◆ ASSIGNMENT
Look in the listing below for the line that has "Crowcon Gas Pro", then return it and each following line up to and including the one with "Rough Cat's-ear Hypochaeris", exactly and without pictures.

◆ SUPPLIED RECORDS
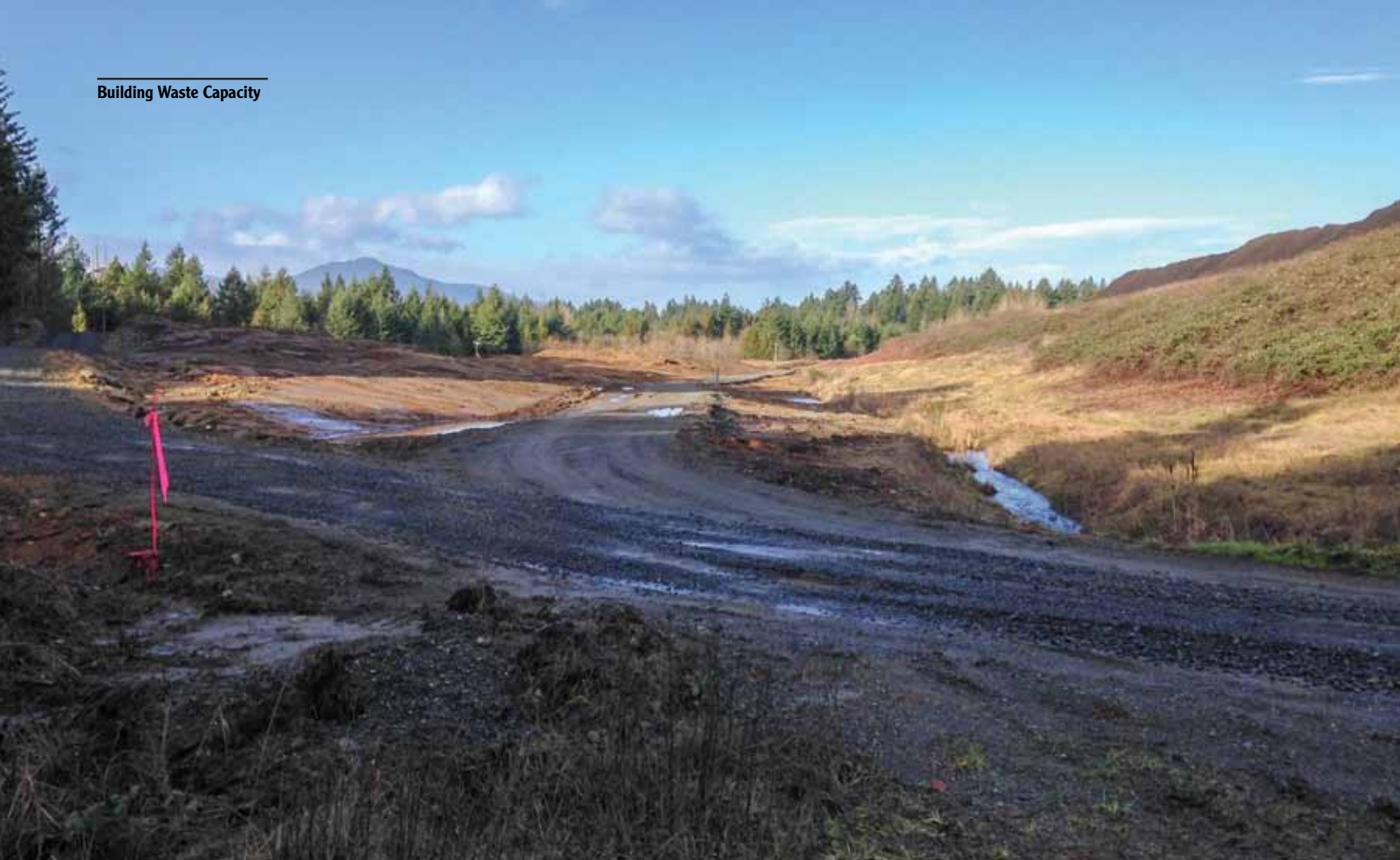
The modified landfill perimeter, used at Harmac, with a two-meter-wide berm and pipes used to collect and direct the surface water.
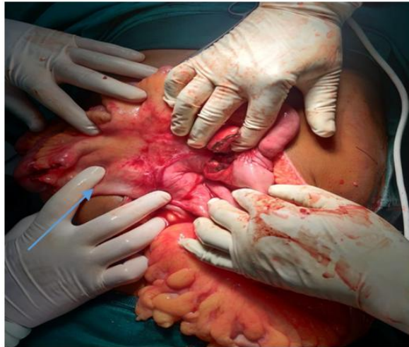
Fig. 2. The peritoneal cavity with the bowel loops seen herniating through the fossa of waldeyer
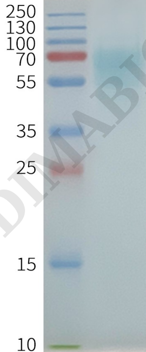
Figure 2. Human NK1R-Nanodisc, Flag Tag on SDS-PAGE
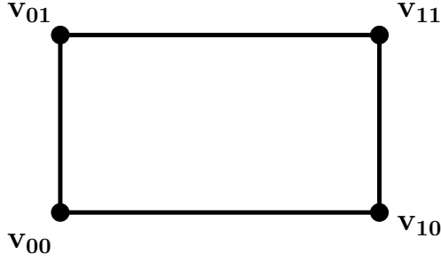
FIG. 2.2. Notation for the hyper-rectangle case in d = 2 : \mathbf{v}_{00} = (a_1, a_2) , \mathbf{v}_{10} = (b_1, a_2) , \mathbf{v}_{01} = (a_1, b_2) , \mathbf{v}_{11} = (a_2, b_2) .

2.2. Hyper-rectangles. We can also improve the upper bound in the case of a hyper-rectangle, i.e.
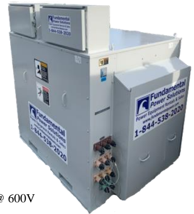
500kW @ 600V
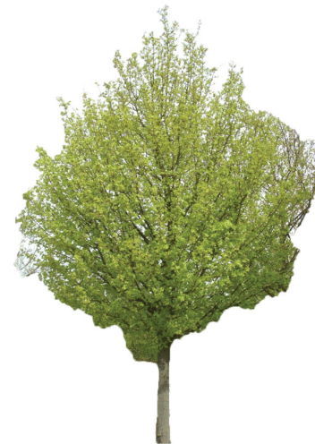
Acer campestre 'Elsrijk'
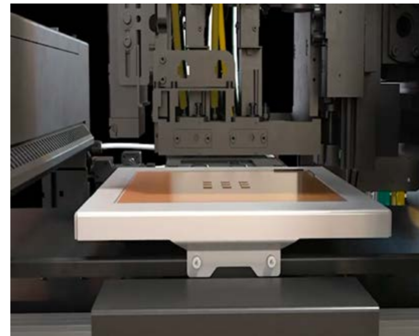
Figure 2: Polymer based ink for insulation and structure

The purpose of this document is to show potential applications and use cases that could vastly benefit from the newly available AME technology. In chapter 2, a list of nontechnical benefits of the AME technology over the traditional PCB process will be presented, while the remaining chapters will show some purely technical USPs of the AME technology. Although these USPs are listed separately in this document, it is certainly possible to include them all together in one single structure in order to draw the most benefit from using the AME technology. Nevertheless, the provided list of USPs is not complete. The basic idea of the J.A.M.E.S platform is to assemble as much AME knowledge as possible. Therefore, anyone who has additional USPs, which were not mentioned in this document, is welcome to share their ideas and experiences on the J.A.M.E.S platform.
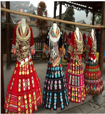
Figure 1-1 Miao clothing model and color

Dress of the Miao people kept the traditional weaving techniques, embroidery and batik, embroidery, when used in one process, other techniques such as cross stitch them interspersed with embroidery, batik embroidery embroidery use, woven together, the colorfulflowers, dress patterns, highlighting the national art features (Fig 1-3).
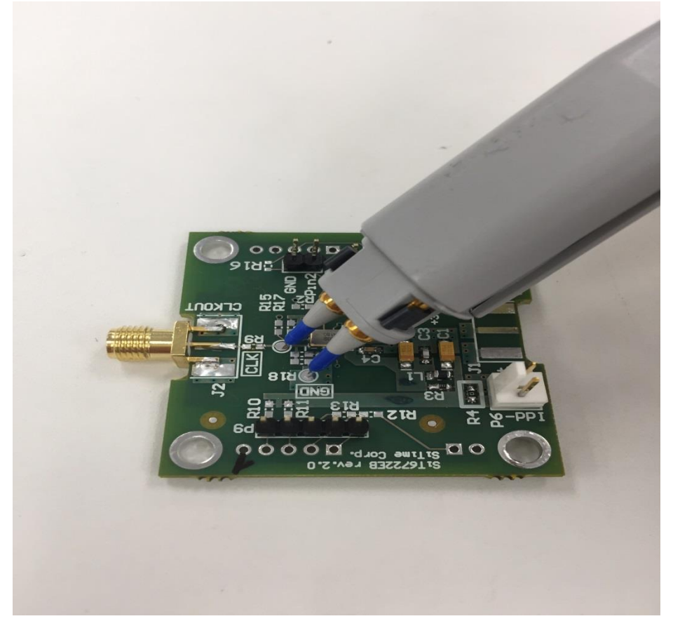
Figure 1: Proper Waveform capturing on SiT6722EB

Eliminating such distortion requires a probe with the lowest input capacitance and a low inductance ground lead. In addition, SiTime Super-TCXOs are typically configured for fast rise and fall times (1 ns or less) with 15 pF load. It is therefore critical that the probe tip ground be as short as possible, lowest inductance, and the return path for the ground be located as close as possible to the trace carrying the RF logic signal. Please refer to Figure A2 for test point locations on the SiT6722EB and an example of proper probing.
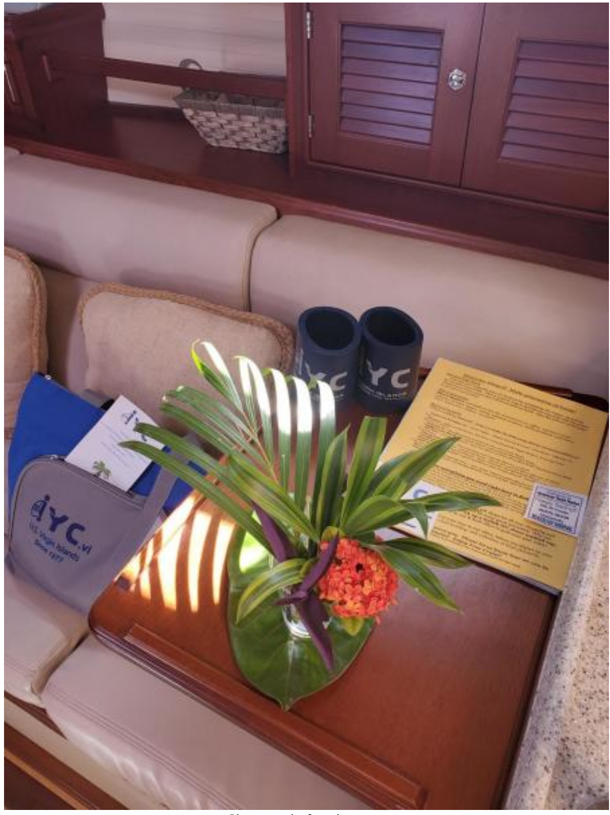
Skye ready for charter
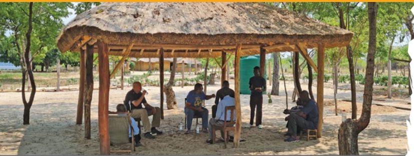
Training under a shelter.
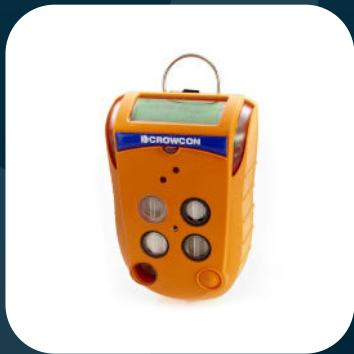
Crowcon Gas Pro

Gas-Pro is for detection of a variety of multiple gas configurations as well as confined space process guidance by offering 5 gas support including a dedicated pre-entry check mode and optional pump feature.
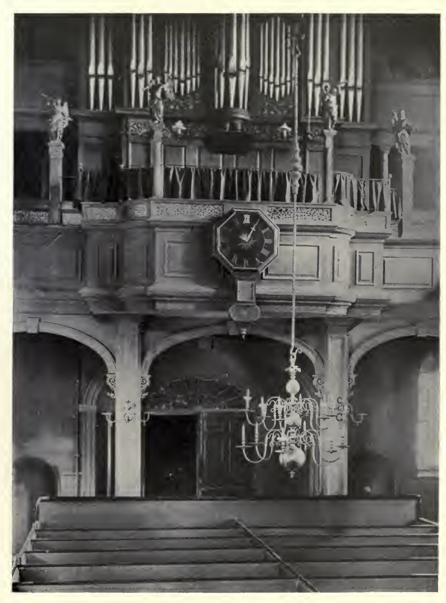
FIG. 4. THE NORTH CRURCH—DETAILS OF THE INTERIOR.
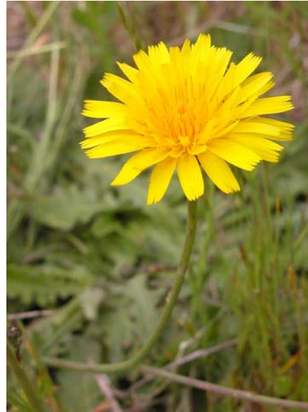
Rough Cat's-ear Hypochaeris radicata Introduced Perennial Sunflower Family
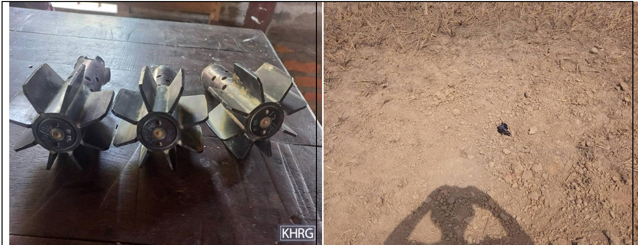
These photos were taken on February 3 rd 2023 in D--- village, Hper Htee village tract, Htaw Ta Htoo Township, Taw Oo District. The left photo shows exploded mortar shells that villagers collected and put in their house. The right photo shows one of the mortar shells that fell into a rice field, nearby the village.
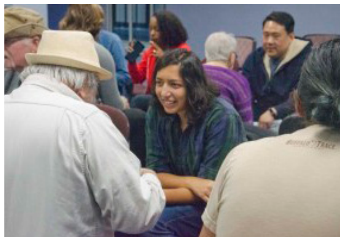
"Socialist speed-dating."

Finally, at our last three meetings we enjoyed "socialist speed dating" sessions, in which rotating pairs of attendees get to know and learn from each other by briefly sharing our political histories and our understanding of key socialist concepts. In December the subject was Medicare for All - a national DSA priority and the focus of a planned MADSA canvassing project.
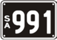
Lot 1 - SA Numeric Number Plate 991 Plate Size: 190 x 134mm Price sold $ _____
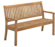
963 133cm BENCH

ACCESSORIES C01 : ..... Seat Pad Cushion
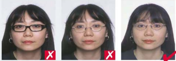
frames too heavy
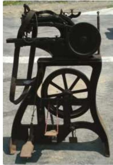
Landis Lock Stitch Heavy Harness Machine
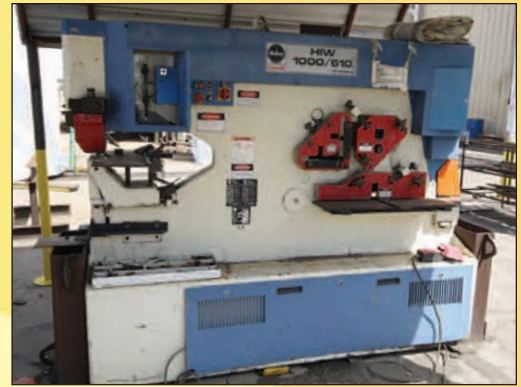
2004 MUBEA HYDRAULIC IRONWORKER, MDL. HIW 1000/610
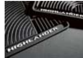
All Weather Floor/Cargo Mat w/ 3rd row Seat $230.00 Installed MSRP* w/o 3rd row Seat $185.00 Installed MSRP*
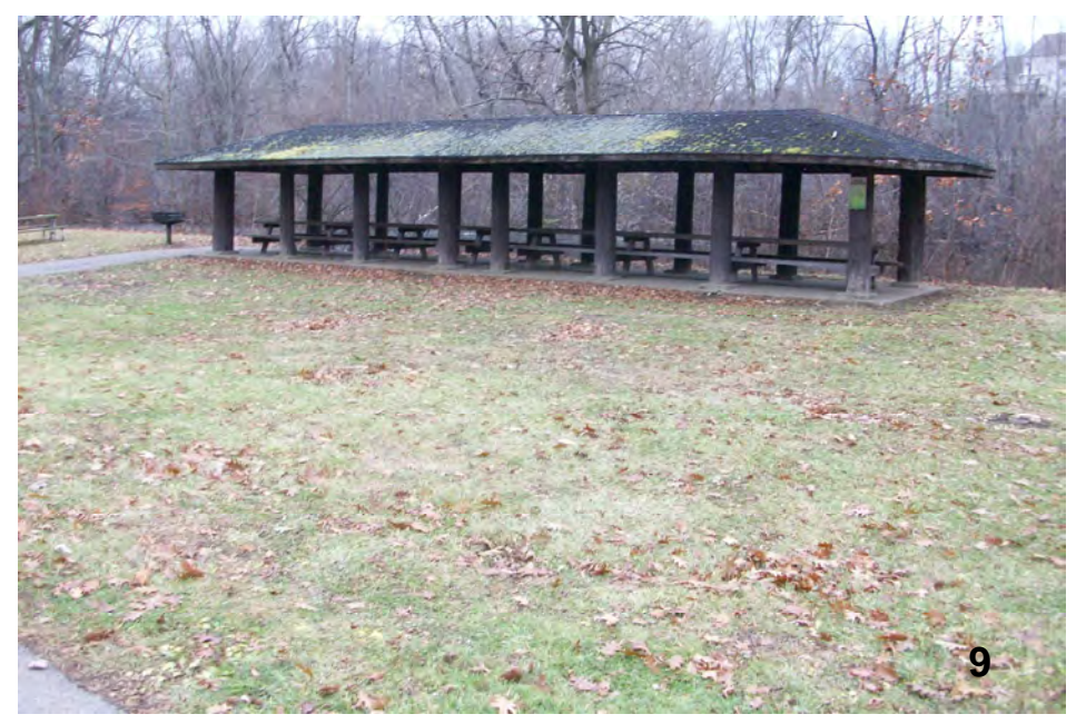
New universal accessible concrete access routes to be provided on both sides of the shelter. The existing walk exceeds 5%.
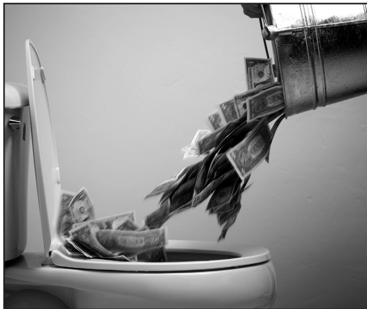
Fixing a leaky toilet not only saves money, but ultimately protects our water supply.

For more information visit the Minnesota Rural Water Association at www.mrwa.com .
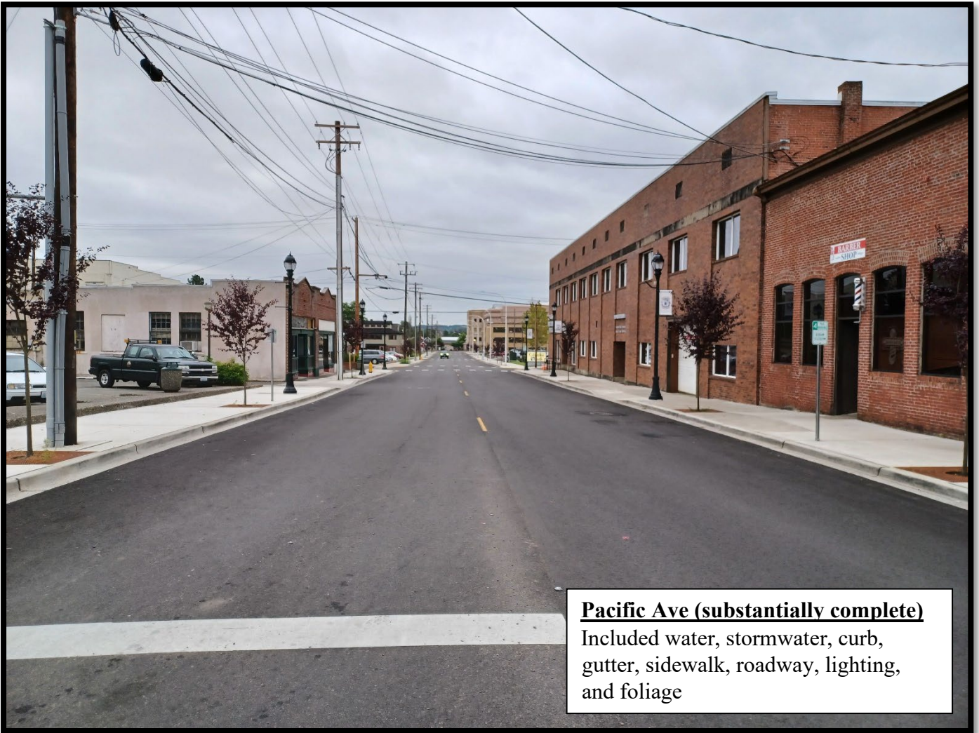
Pacific Ave (substantially complete) Included water, stormwater, curb, gutter, sidewalk, roadway, lighting, and foliage
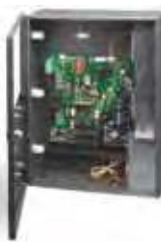
115 VAC Standard Control Box
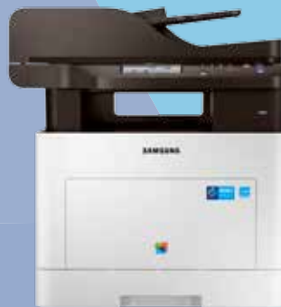
C3060FR (30 ppm)
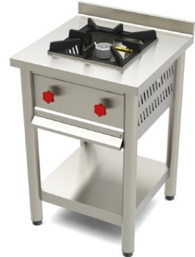
SINGLE BURNER RANGE SIZE: CUSTOMIZED (DIE-103)
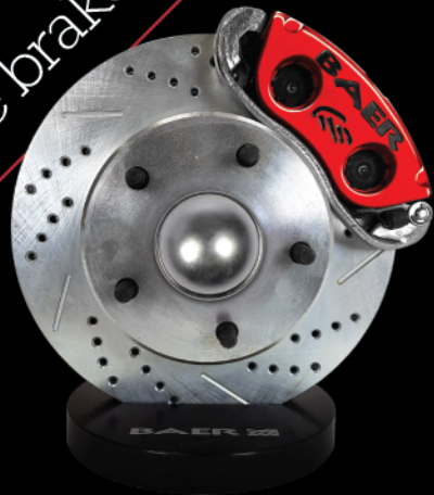
FRONT - Retail $695 11"

You have asked, and we have answered! Baer is bringing back the original Baer Claw Brake System that started it all, with the introduction of the Classic series. The Classic series is a direct bolt on for early GM, Ford and Mopar applications, features front and rear packages, red powder coated calipers, braided brake hoses, slotted and drilled rotors and best of all at affordable pricing! Want to modernize your early muscle car, still fit stock wheels, have access to replacement parts easily, not break the bank, and have the brand that is known for top quality products? Baer Classic is your answer!
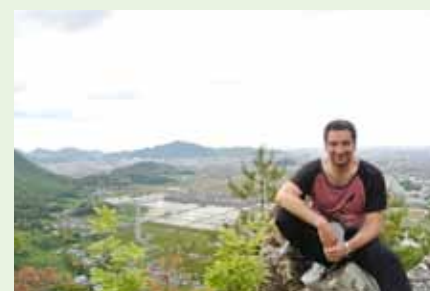
Sitting atop Mt. Kinka

So, I would recommend Gifu to those who are looking for a relaxing holiday or who are interested in history and traditional crafts.
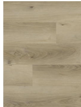
Seachange Oak ASH109
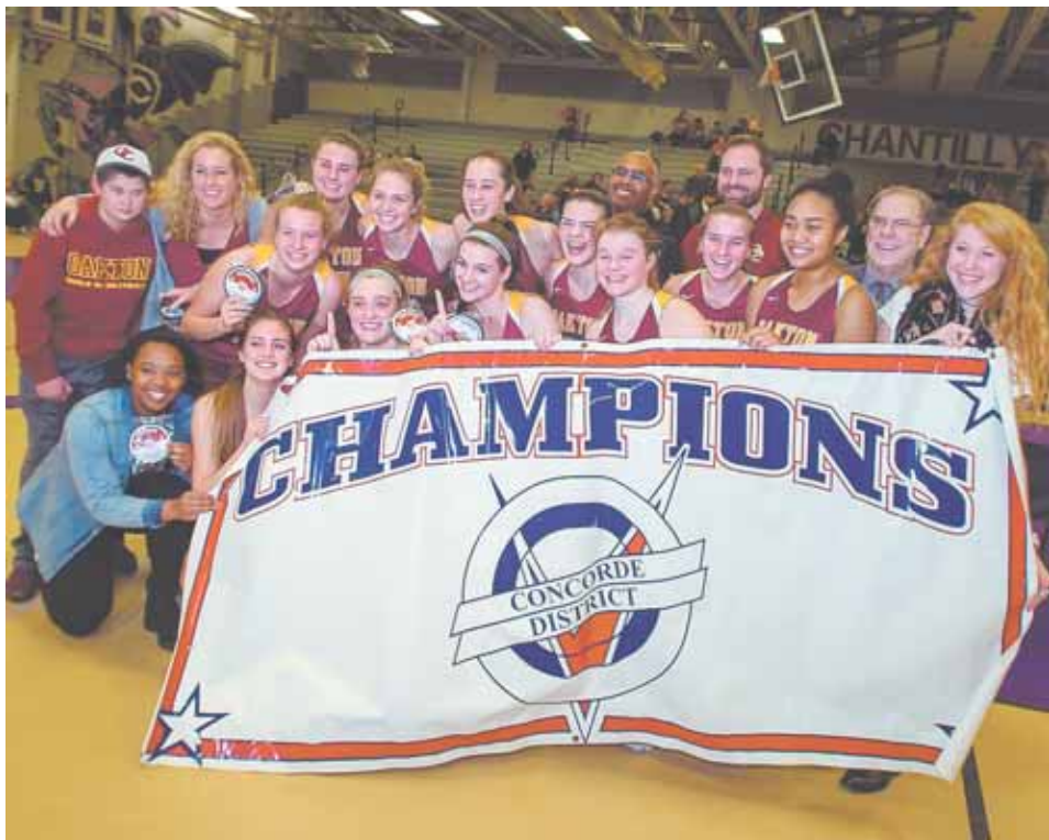
The Oakton Cougars defeated the Madison Warhawks 50-38 to earn the Concorde District Tournament Championship.

◆ SOLUTION BELOW
Crowcon Gas Pro

Gas-Pro is for detection of a variety of multiple gas configurations as well as confined space process guidance by offering 5 gas support including a dedicated pre-entry check mode and optional pump feature.
FIG. 4. THE NORTH CRURCH—DETAILS OF THE INTERIOR.
Rough Cat's-ear Hypochaeris radicata Introduced Perennial Sunflower Family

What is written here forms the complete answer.